### [Instructions for the task]
Write out the listing, please, but only from its first line through the line containing "綜合湯裡有三種口味的手工丸子", exactly as given and without pictures.

### [Information supplied]
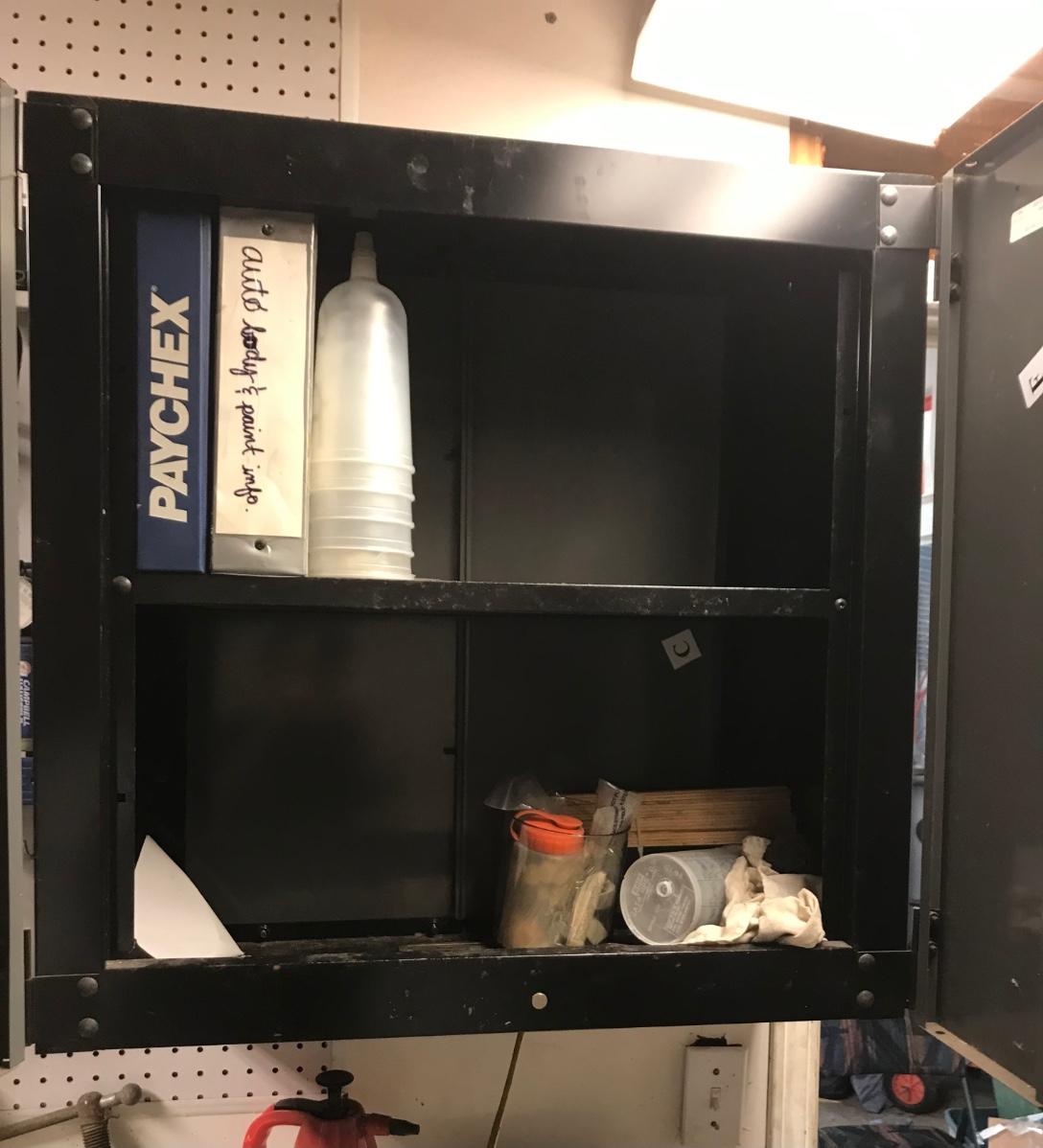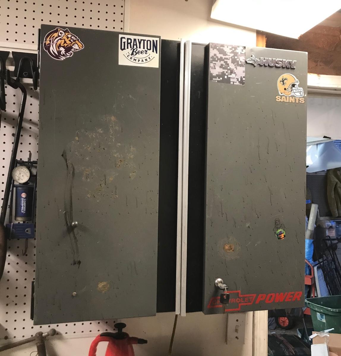 Husky metal garage wall cabinet “C”: 28” x 29”. Has some rust. MUST REMOVE FROM THE WALL
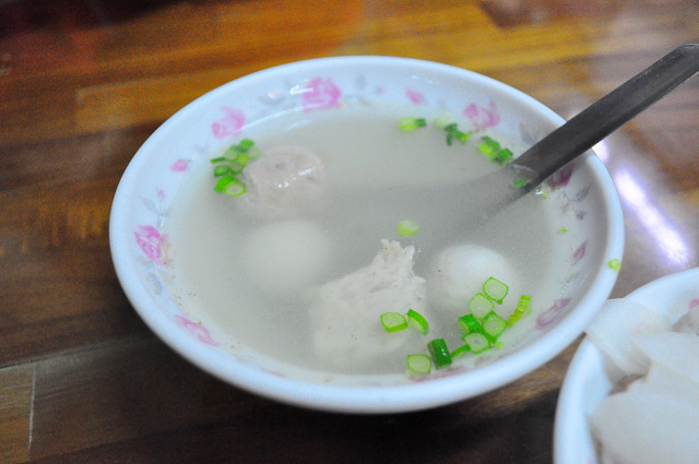 綜合湯裡有三種口味的手工丸子,吃起來Q彈有勁,吃完米糕配碗綜合湯這樣肚子的飽度剛剛好。在這巷子裡的市場中隱藏了如此美味的庶民料理,若不是在地人介紹,我們還真難發現它呢!來台南可別忘了過來嚐嚐國宴級的庶民美食~榮盛米糕。
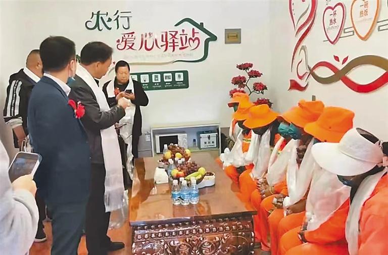 農(nóng)行日喀則分行在臨街網(wǎng)點(diǎn)設(shè)立“農(nóng)情暖域——愛心驛站”,為戶外勞動(dòng)者提供便民服務(wù)。

### [Task answer]
 Husky metal garage wall cabinet “C”: 28” x 29”. Has some rust. MUST REMOVE FROM THE WALL
 綜合湯裡有三種口味的手工丸子,吃起來Q彈有勁,吃完米糕配碗綜合湯這樣肚子的飽度剛剛好。在這巷子裡的市場中隱藏了如此美味的庶民料理,若不是在地人介紹,我們還真難發現它呢!來台南可別忘了過來嚐嚐國宴級的庶民美食~榮盛米糕。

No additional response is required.